It's very hard to come in and clean up when some moron has messed up a dog. First, we have to earn the dog's trust, which means that our feelings and frustration have to get put on a shelf and we have to dig up all the calm, patience and zen we can find within us. 

But I will tell you, once we do that, once we get through a challenge like this, we have a dog that loves us deeply, completely, on a level that many dog owners never understand. There is something in the eyes of a dog that has been truly "rescued" that is worth every cleaned-up accident and all those 10pm visits to the park. 

Good luck.


----------



## pupresq (Dec 2, 2005)

Wow Lori - can I just cut and paste that every time I get this question? THat's a great response and much better than the one I was going to write to cover the same issues. 

This seems to come up a lot for us - many of the dogs we see in rescue have exactly this problem.

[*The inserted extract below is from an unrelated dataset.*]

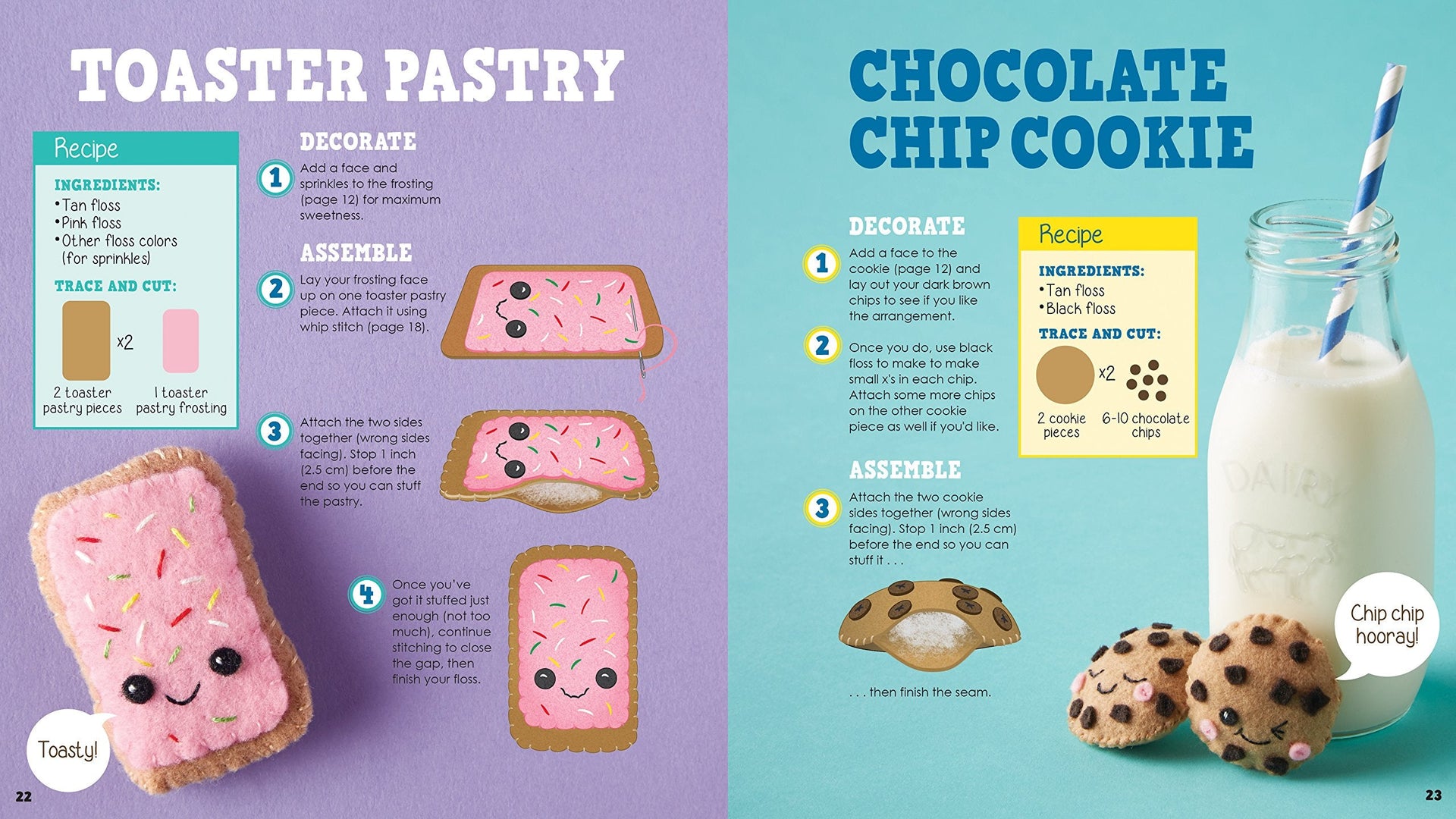 Stitch and stuff your favorite plush foods with sew mini treats! Make your own felt food with fabulous faces. Includes instructions, patterns, and materials for more than 18 cheerful, itty‑bitty food items as well as tips and tricks to customize your own designs. It's an instant recipe for fun!

By punishing the dog severely for pottying inside and not praising the dog when they went outside, people create dogs that are afraid to do it when they're supposed to and then only do it when you're not looking or when they literally can't hold it any more. 

Also, as you've observed - the concrete substrate and being on leash are probably also complicating things for you. I know A LOT of dogs who simply will not go on leash. If a fence is not available, you'll have much better luck using a Flexi for this purpose (regular walks still on a normal leash).

Lori's training regimen is the perfect antidote! Good luck and know that there are lots of us out there that totally sympathize with what you're going through! It's no fun now but it'll get better soon.


----------



## brian (Oct 11, 2008)

Update: been making some progress. I have been taking her out on a fairly religous schedule. She still goes somewhat erratically but she is now going within 15 minutes of going out or not at all. I did find out that eating dinner (feed her once a day) on top of a raw hide bone = immediate poop. Oh well, that only makes twice that she has gone in her crate which isn't too bad for a non-house broken dog in 3 weeks I think.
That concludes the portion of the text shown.